**Stored data:**
━━━━━━━━

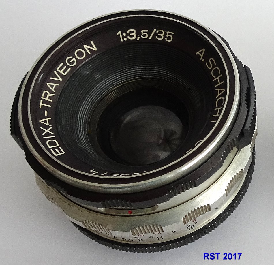 das Edixa Travegon 1:3,5 / 35 mm gehört zur Wirgin Edixa D Spiegelreflex-Kamera. Es ist ein leichtes Weitwinkel-Opjektiv. Der Hersteller ist A. Schacht, Ulm. Es verfügt über eine Springblende mit zwei Steuermöglichkeiten, die Springblende muß von Hand nachgespannt werden.
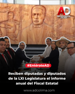 El documento entregado al presidente de la Mesa Directiva del Legislativo, Alvaro Lozano González, y a la presidenta de la Junta de Gobierno y Coordinación Política (JUCOPO), Andrea Naranjo Alcaraz, corresponde al cuarto informe de actividades que comprende el periodo de noviembre de 2024 a octubre 2025, detallando el estado que guarda el sistema de procuración de justicia en Colima.
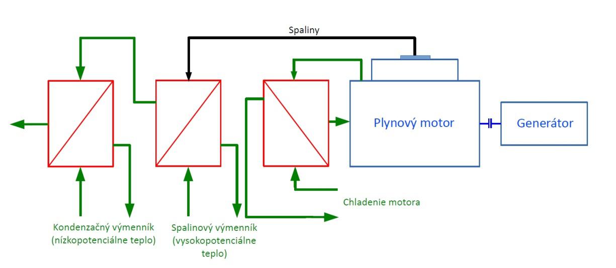 Celý systém výroby elektrickej energie v plynových motoroch je založený na princípe premeny tepelnej energie na mechanickú prácu a následne prostredníctvom generátora na elektrickú energiu. Palivo je privedené do spaľovacieho motora, kde dôjde k jeho premene na tepelnú energiu a jej časť, približne (30 až 40)%, sa mení na mechanickú energiu. Generátor (synchrónny, alebo asynchrónny) vygeneruje tak elektrickú energiu, ktorá sa ďalej využije priamo v mieste výroby, alebo sa predá do rozvodnej elektrickej siete. Zvyšná využiteľná časť tepelnej energie (50 až 60%) sa za pomoci sústavy výmenníkov využije na ohrev vody, resp. iného technologicky vhodného média. Tepelný výkon kogeneračnej jednotky je potom súčet tepelných výkonov jednotlivých okruhov (výmenníkov tepla) – výmenník chladenia motora (primárny okruh), spalinový výmenník a kondenzačný nízkoteplotný výmenník tepla (sekundárny okruh) (obrázok č. 2)

━━━━━━━━

**What the exercise asks:** Only the lines from the first line of the data above through the line with "El documento entregado" should appear in the answer, retyped exactly, with every picture left out.

**Response box:**
 das Edixa Travegon 1:3,5 / 35 mm gehört zur Wirgin Edixa D Spiegelreflex-Kamera. Es ist ein leichtes Weitwinkel-Opjektiv. Der Hersteller ist A. Schacht, Ulm. Es verfügt über eine Springblende mit zwei Steuermöglichkeiten, die Springblende muß von Hand nachgespannt werden.
 El documento entregado al presidente de la Mesa Directiva del Legislativo, Alvaro Lozano González, y a la presidenta de la Junta de Gobierno y Coordinación Política (JUCOPO), Andrea Naranjo Alcaraz, corresponde al cuarto informe de actividades que comprende el periodo de noviembre de 2024 a octubre 2025, detallando el estado que guarda el sistema de procuración de justicia en Colima.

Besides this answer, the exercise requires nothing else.